1. A learning unit that learns user preferences and behavioral patterns, Based on the information learned by the aforementioned learning unit, the recommendation unit recommends the optimal route and accommodation, An information service department that provides information specifically for pilgrimages to sacred sites, It includes a community section to promote interaction among fans. A system characterized by the following features.

2. The aforementioned learning unit, Learn the user's past behavior and preferences. The system according to feature 1.

3. The aforementioned recommendation department, Based on the information learned by the aforementioned learning unit, the optimal route and accommodation are recommended. The system according to feature 1.

4. The aforementioned information provision unit, Providing information specifically for pilgrimage to sacred sites. The system according to feature 1.

5. The aforementioned AC unit is Features that promote interaction among fans The system according to feature 1.

6. The aforementioned learning unit, The system estimates the user's emotions and selects training data based on those estimated emotions. The system according to feature 1.
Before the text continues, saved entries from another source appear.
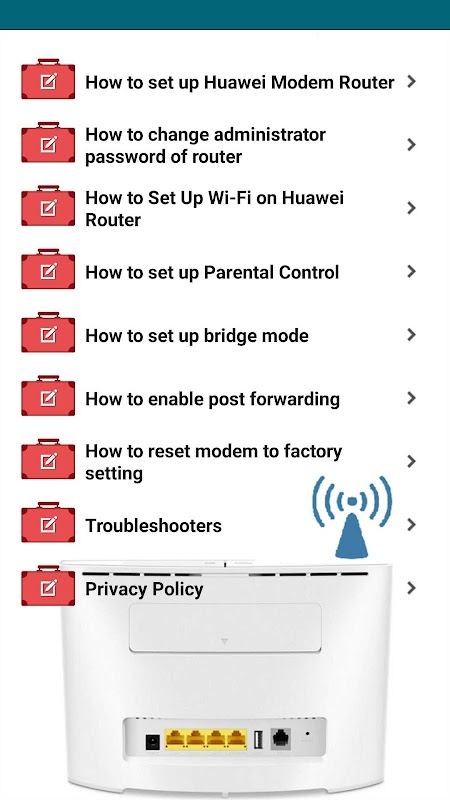 हमारा मोबाइल एप्लिकेशन बताता है कि हुवावे मॉडेम राउटर को कैसे कॉन्फ़िगर किया जाए। जब आप अपने इंटरनेट की समस्या के कारण अपने मॉडेम को रीसेट करते हैं, तो आपको अपने वाईफाई पासवर्ड को भूल जाने या एक नया huawei modem खरीदने पर पुनः इंस्टॉल करने की आवश्यकता होती है।
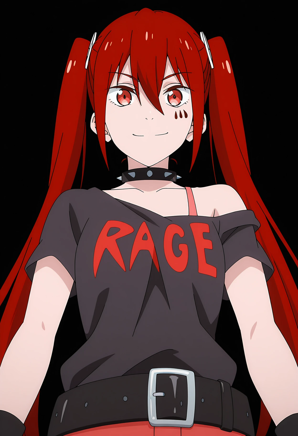 1girl, solo, anarchy, long hair, twintails, red hair, red eyes, facial mark, hair between eyes, hair ornament
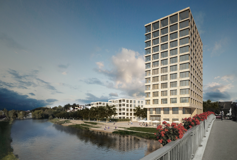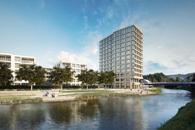 Das Stadthausareal von Adliswil ist geprägt durch seine einmalige Zentrumslage direkt an der Sihl. Aber während einerseits der Standort am Ende der Bahnhofbrücke so einzigartig ist, zeigt sich andererseits die umgebende Bebauungen höchst heterogen und zufällig. Das vorliegende Projekt greift die verschiedenen vorhandenen Strukturen auf und verbindet sie zu einem neuen Ganzen. Zwei 5 geschossige Punkthäuser an der Sihl führen die typische kleinkörnige Ufer- bebauung weiter. Das 5 bis 6 geschossige, strassenbegleitende Langhaus mit überhohem, zurückversetztem EG definiert und stärkt den Strassenraum und verbindet sich durch seine Volumenausprägung mit der gegenüberliegenden Bebauung. Das Turmhaus am Brücken- kopf schliesst das Ensemble ab. Gleichzeitig dient es im Stadtbild von Adliswil als städtebauliche Landmarke. Das Haus setzt sich selbstbewusst von den angrenzenden Gebäuden ab, fügt sich aber durch seine Setzung und seine differenzierte Volumetrie gut ins Stadtgefüge ein. Direkt in der Sichtachse gegenüber des Bahnhofplatzes gelegen dreht die Westfassade das Turmhauses nach Westen ab und spannt so über die Sihl hinweg den städtebaulichen Bogen vom Bahnhof- zum Stadthausareal.
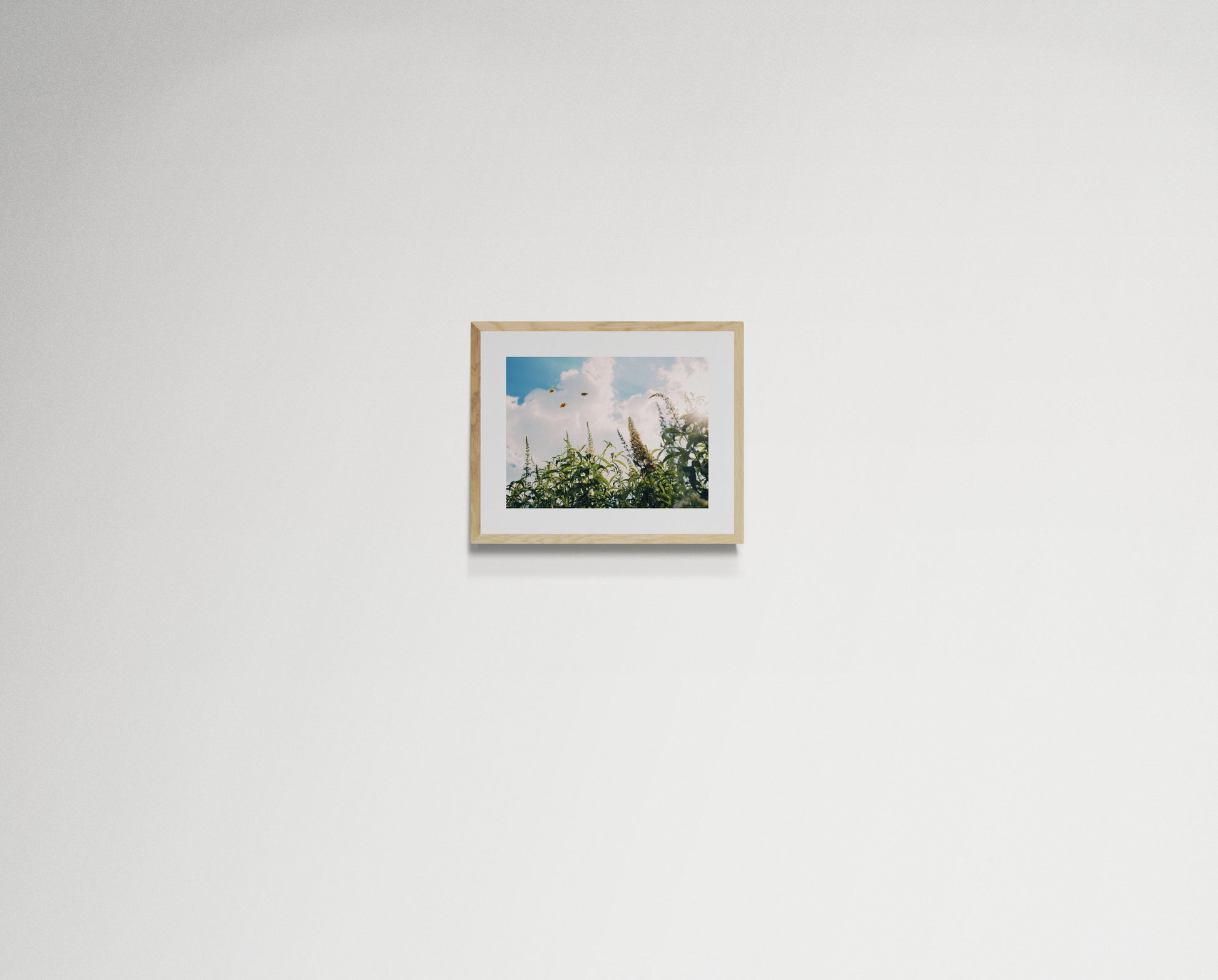Nos œuvres sont proposées avec une bordure intérieure, et peuvent être encadrées dans nos finitions haut de gamme : chêne naturel, noir mat ou blanc épuré.
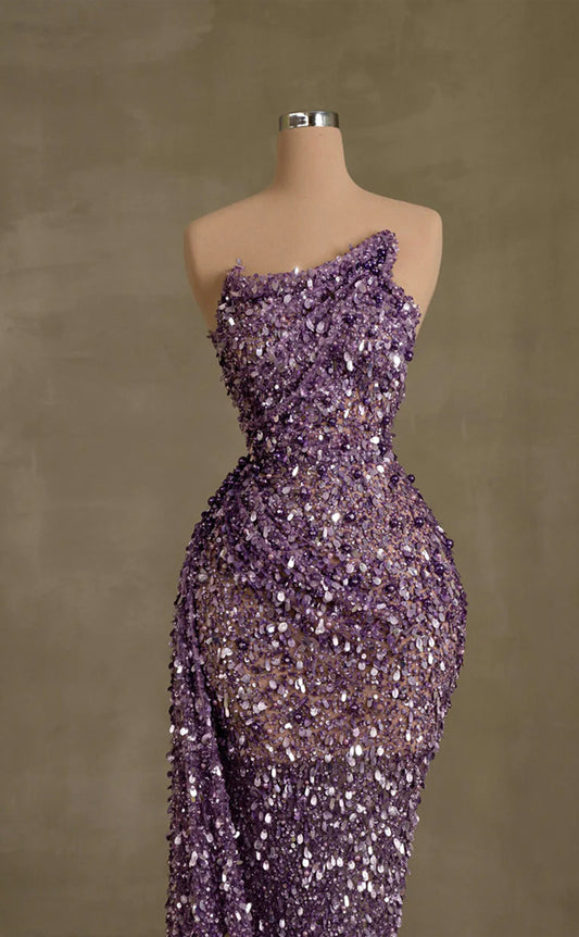 RP265-Purple Trumpet Strapless Beads Crystals Sequins Prom Evening Dresses Formal Party Gowns
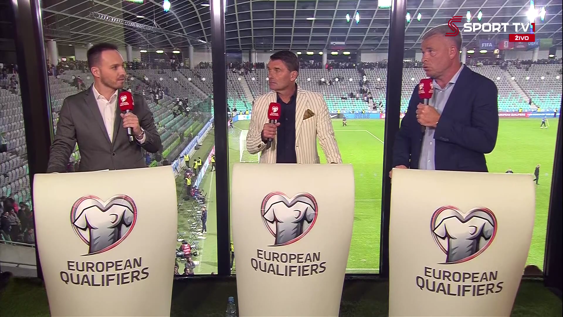 O tekmi smo se v studiu pogovarjali tudi z dvema nekdanjima reprezentantoma Tončijem Žlogarjem in Sašo Udovičem. Žlogar je dejal: “Tekma brez golov, zelo taktična in dinamična. Švicarjem smo pustili zelo malo možnosti, da bi dosegli zadetek. Bili smo zelo kompaktni. Tekma, ki je imela velik vložek. Kot je dejal Svit Sešlar novembrske kvalifikacije, bodo tiste, ki bodo odločale. Šteje vsaka točka, a na koncu se bo seštevalo.”
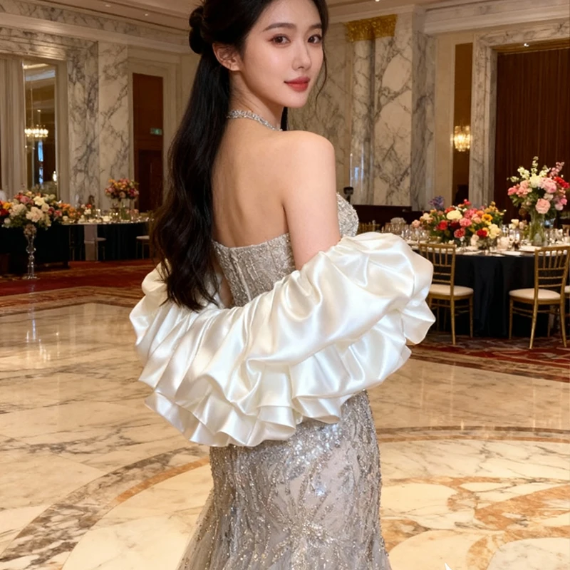 Boléro de mariage en satin pour femmes, enveloppe de mariée élégante, boléro à volants pour fête formelle, demoiselle d'honneur, robe de soirée |
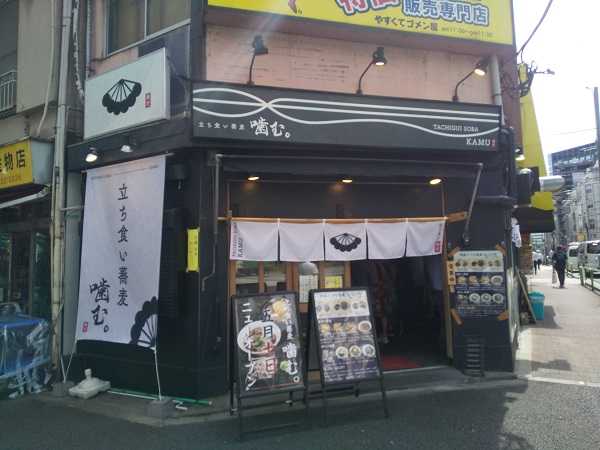 楽しい楽しい立ち食いそばの新店巡り【立ち食いそば 噛む。】 千代田区神田神保町2-48-1 ホームページお弁当の【まあまあ屋・濃厚担々麺麻麻屋 神保町店】だった店が 業態変更で立ち食いそば屋として5月7日オープン。弁当屋+他の飲食店(居酒屋・焼肉等)形態の【まあまあ屋】を複数経営するイーエムグループの新業態店舗。神保町駅が最寄り駅で水道橋方面に続く白山通り沿いにある。店名通り、噛み応えのある中太麺を使用したそばが特徴らしい。メニューをズーム 主力メニューは、『肉盛りつけ蕎麦』で、特に『牛肉つけ蕎麦』が人気らしい。オーセンティックな立ち食いそば屋の天ぷらメニューもある。営業情報。あらっ、朝早くから夜まで通し営業なんだ 注)開店当初の情報だと3~4pmはクローズ入店。左下に天ぷら類がいろいろ貼ってあるね。お店の一押しの『肉盛りつけ蕎麦』じゃなくて、天ぷらのそばがいいや。券売機をタッチする。とりあえず、右上の「温かいそば」をタッチしてみようか。食べたい『紅生姜天蕎麦』や『春菊天蕎麦』等の画面がない。閑散時間帯なので後客がいないので他の画面展開も見ようとしたらフロア担当の鬼遺産がやってきて説明開始。撮影はあきらめ「冷たいそば」をタッチして『冷やかけそば』+天ぷらにしようと思ったけど、『冷やかけそば』はなくて『冷やしたぬきそば』を選ばなくちゃならないんだね。じゃぁ、そんなに暑くもないから温そばでいいや。『かけ蕎麦』とトッピング『紅生姜天』にする。閑散時間帯でクレカ決済が可能なので鬼遺産に話したら、この券売機はクレカ決済機能は連動していないので、別のタブレット端末で入力し直してくれたやがて後客もボチボチやってきた。完全立ち食いだね。配膳をやってくれたのは閑散時間帯だからかな? 水と下げ膳はセルフね。いただいたのは『かけ蕎麦+紅生姜天』\500+\150=\650。かなりの暗黒汁で濃いめの味付け。純度が高い紅生姜天がすぐに味を支配しちゃったのでオリジナルのつゆの味わいがよくわからなくなったが、まずまずの美味しさ。天ぷらは別皿での提供も可能だったから、紅生姜天の場合は そうしたほうがいいかもね。太いそばは確かに噛みごたえあり、むしゃむしゃいただく。ごちそうさまでした~※ 千代田区内の立ち食い・路麺・イートイン・ファストフード系の店への訪問履歴はこちら。\噛めば噛むほどうまいッ!/ 冷蔵 秋田県産蕎麦粉使用 生そば 食べ比べ 3種類から選べる 4食セット 自家製つゆ付き 二八蕎麦 さらしな蕎麦 ひきぐるみ蕎麦 山芋入り そば湯 ギフト 送料無料 生蕎麦 林泉堂ラ王 焙煎ごま担々 [噛むほどに香る花椒練り込み麺] 日清食品 カップ麺 128g×12個
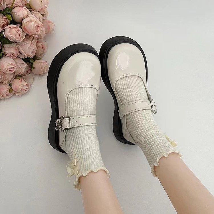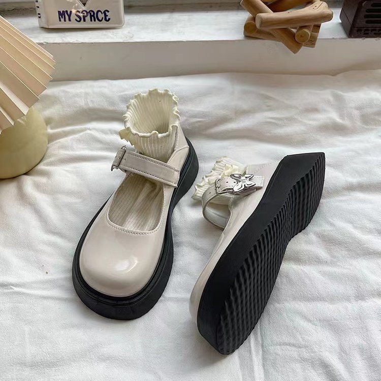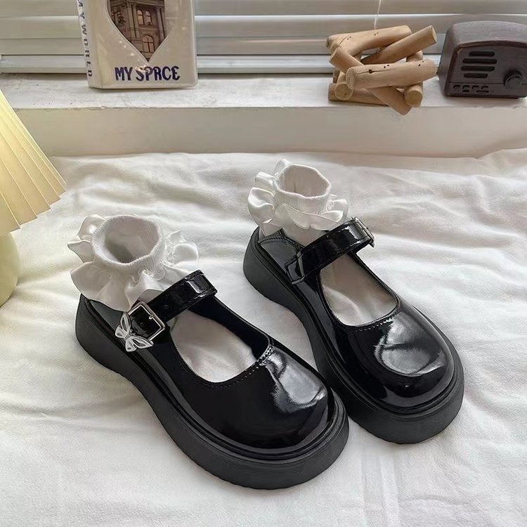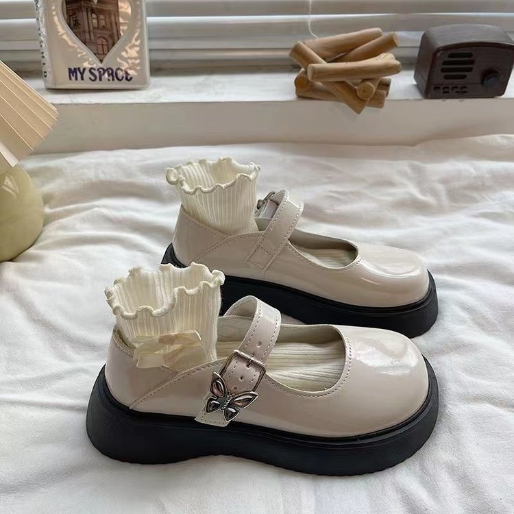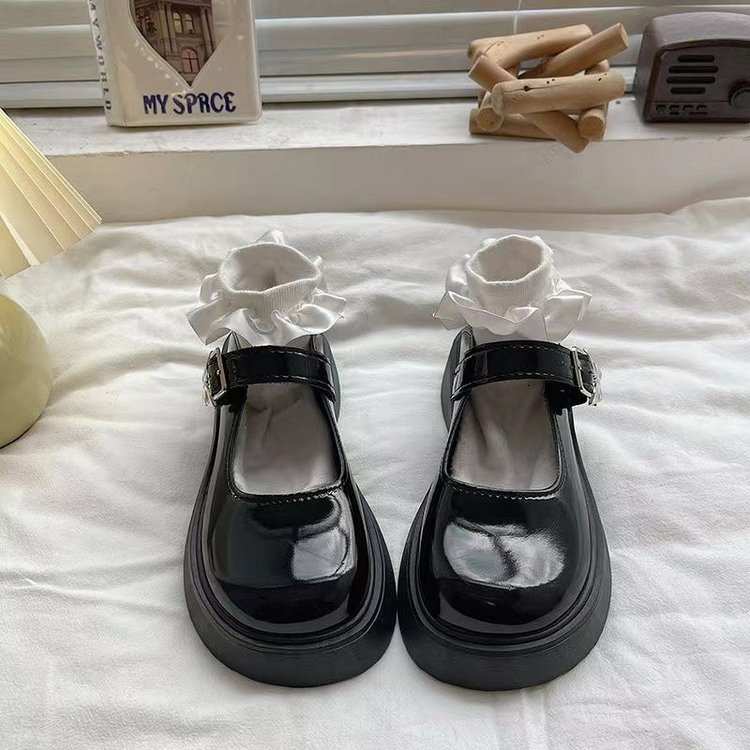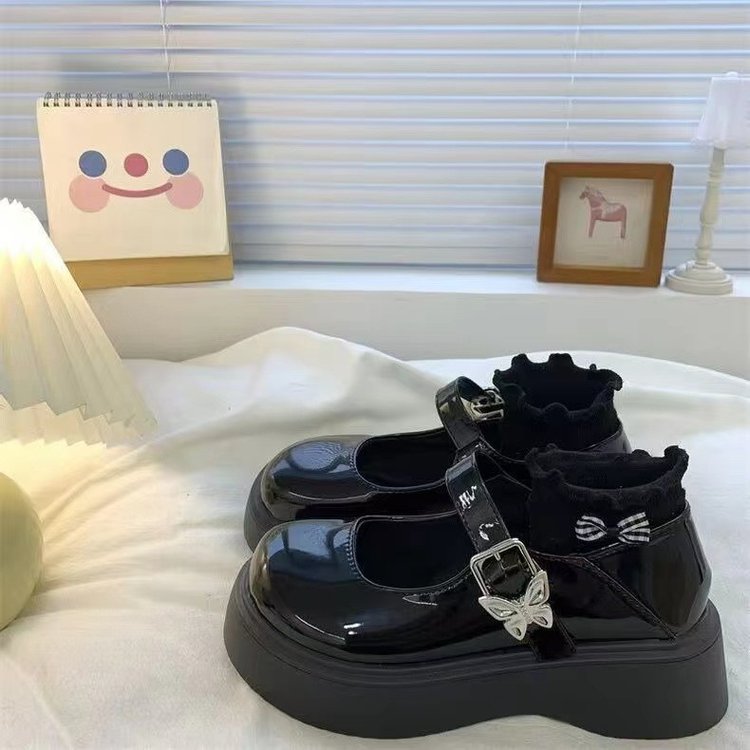 두꺼운 밑창 Mary Jane 가죽 신발 2024 새로운 광택 캠퍼스 학생 올 매치 일본 jk Mary Jane 신발 로퍼

7. The aforementioned learning unit, During training, the learning algorithm is optimized by referencing the user's past travel history. The system according to feature 1.

8. The aforementioned learning unit, During the learning process, we will add a dynamic learning feature that reflects changes in the user's interests in real time. The system according to feature 1.

9. The aforementioned learning unit, It estimates the user's emotions and adjusts the learning frequency based on the estimated user emotions. The system according to feature 1.

10. The aforementioned learning unit, During training, the system analyzes users' social media activity and incorporates it into the training data. The system according to feature 1.